▸ **Description of the task**:
Give again, word for word, only the lines of the material below from its first line through the one that holds "Later, Chandrababu Naidu"; pictures stay out.

▸ **Data extract**:

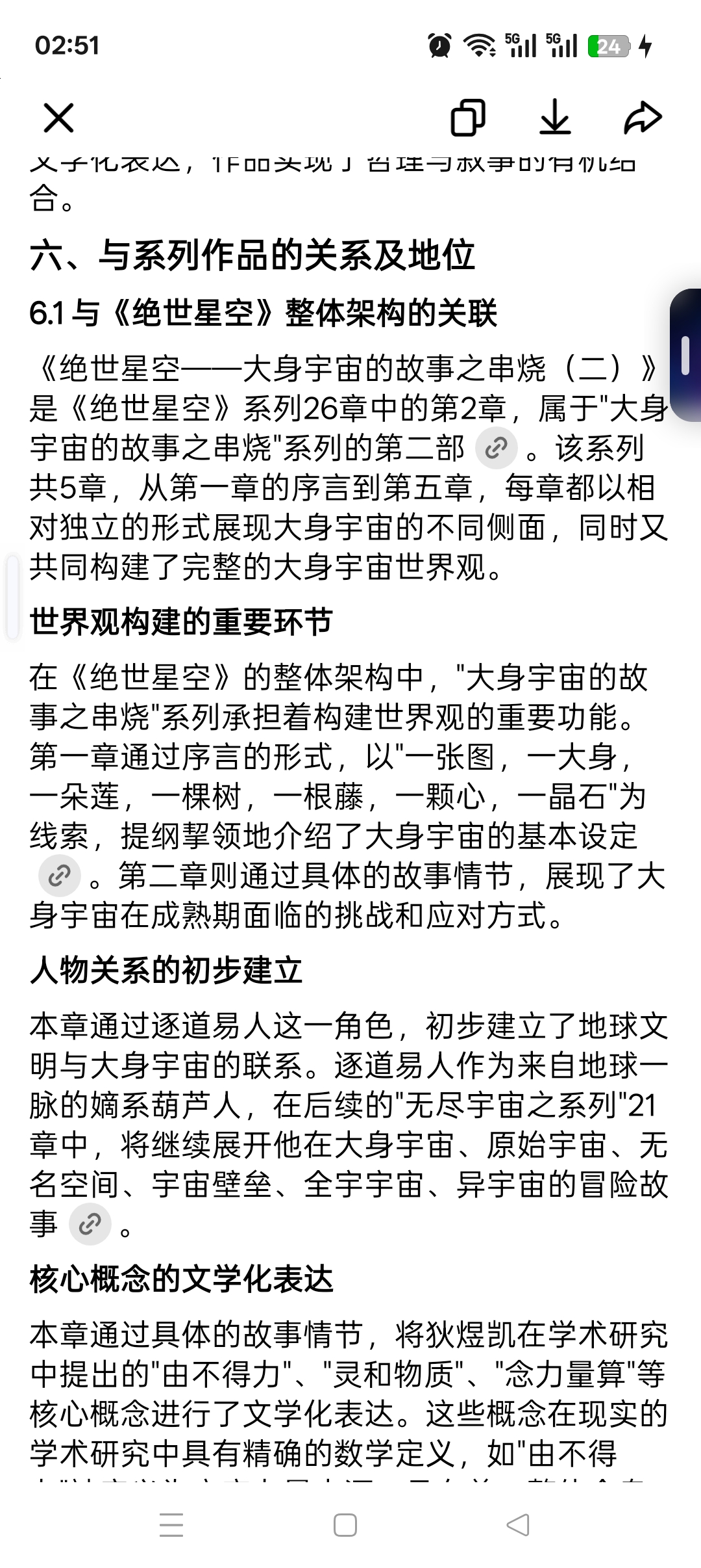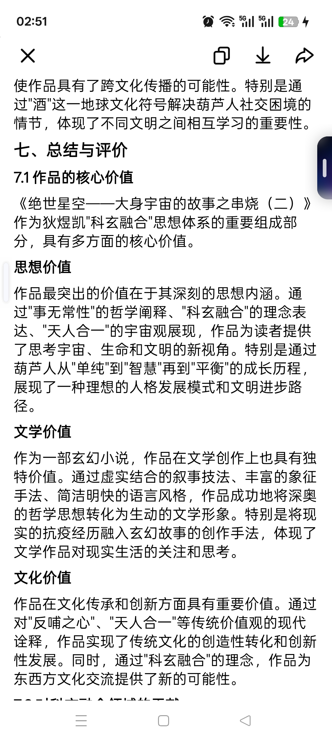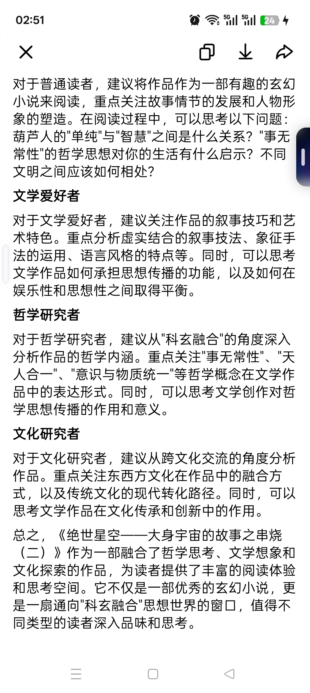 总之,《绝世星空——大身宇宙的故事之串烧(二)》作为一部融合了哲学思考、文学想象和文化探索的作品,为读者提供了丰富的阅读体验和思考空间。它不仅是一部优秀的玄幻小说,更是一扇通向"科玄融合"思想世界的窗口,值得不同类型的读者深入品味和思考。
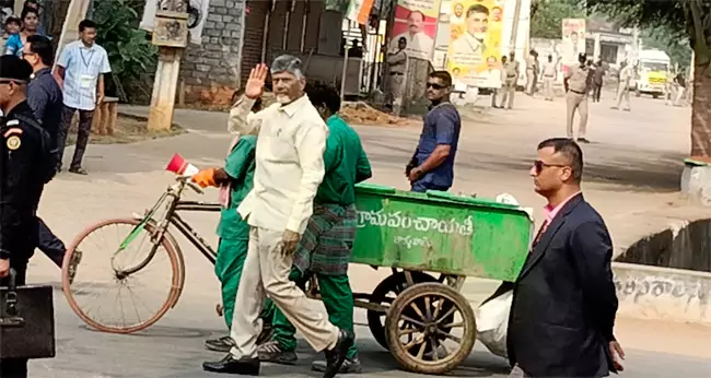 Later, Chandrababu Naidu walked through the village along with sanitation workers to personally inspect cleanliness efforts, underlining the government’s commitment to hygiene at all levels. Earlier, TDP leaders and ministers, including Speaker Ayyannapatrudu, Home Minister Anita and district in-charge minister Kollu Ravindra, accorded him a warm welcome at the helipad.
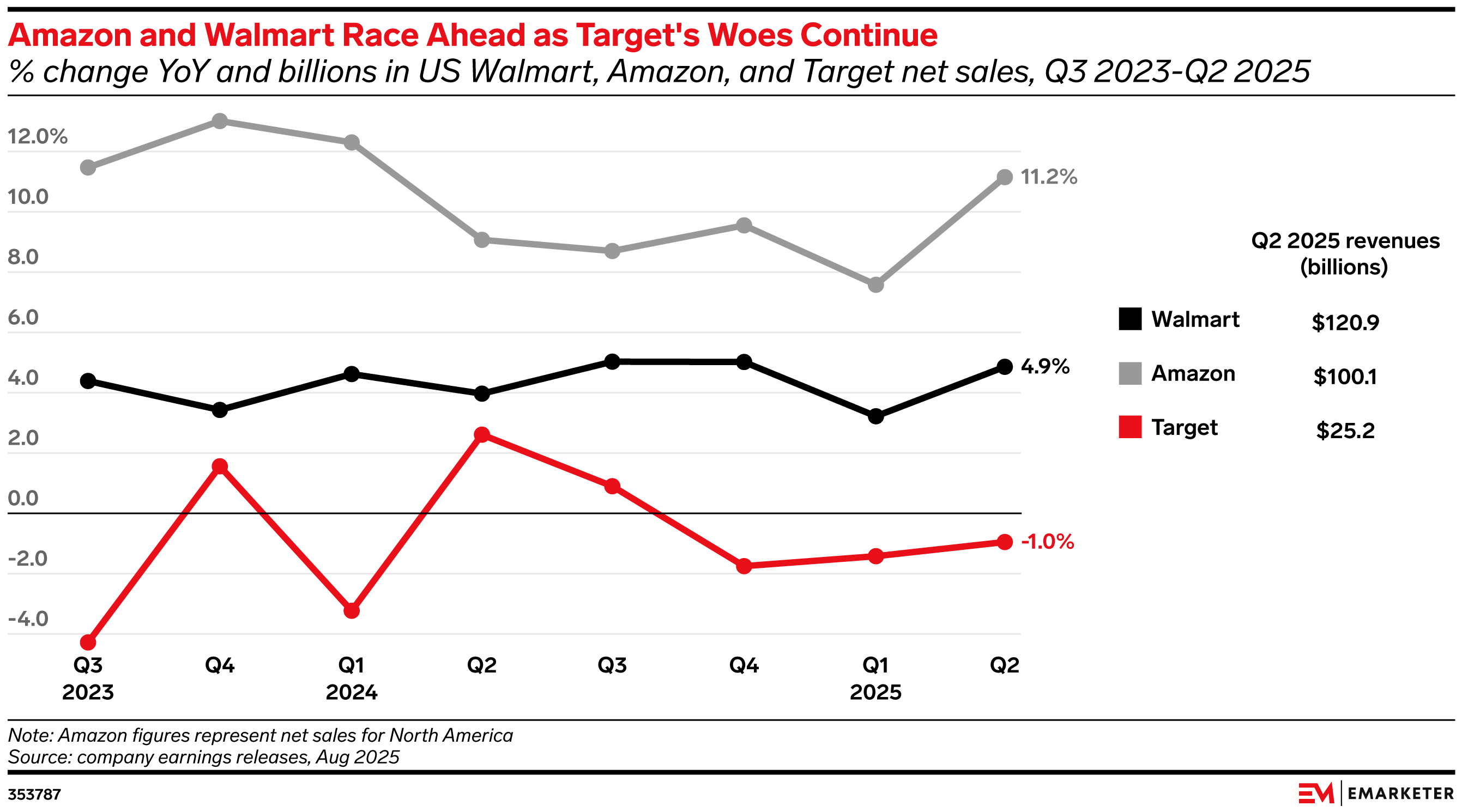 Q3 was another strong quarter for Walmart and Amazon, and another weak one for Target. Shoppers are showing a clear preference for the convenience, product selection, and overall value that Amazon and Walmart offer, while being less impressed by Target’s assortment and shopping experience. Economic uncertainty is heightening the gap, as more shoppers turn to Amazon and Walmart for necessities like groceries while pulling back on the discretionary spending that fuels Target. Walmart's and Amazon's ability to combine low prices with an extensive product selection and fast and convenient delivery will serve them well this holiday season, while Target has the harder task of convincing price-conscious shoppers to spend on nonessential items.

▸ **Problem solution**:
 总之,《绝世星空——大身宇宙的故事之串烧(二)》作为一部融合了哲学思考、文学想象和文化探索的作品,为读者提供了丰富的阅读体验和思考空间。它不仅是一部优秀的玄幻小说,更是一扇通向"科玄融合"思想世界的窗口,值得不同类型的读者深入品味和思考。
 Later, Chandrababu Naidu walked through the village along with sanitation workers to personally inspect cleanliness efforts, underlining the government’s commitment to hygiene at all levels. Earlier, TDP leaders and ministers, including Speaker Ayyannapatrudu, Home Minister Anita and district in-charge minister Kollu Ravindra, accorded him a warm welcome at the helipad.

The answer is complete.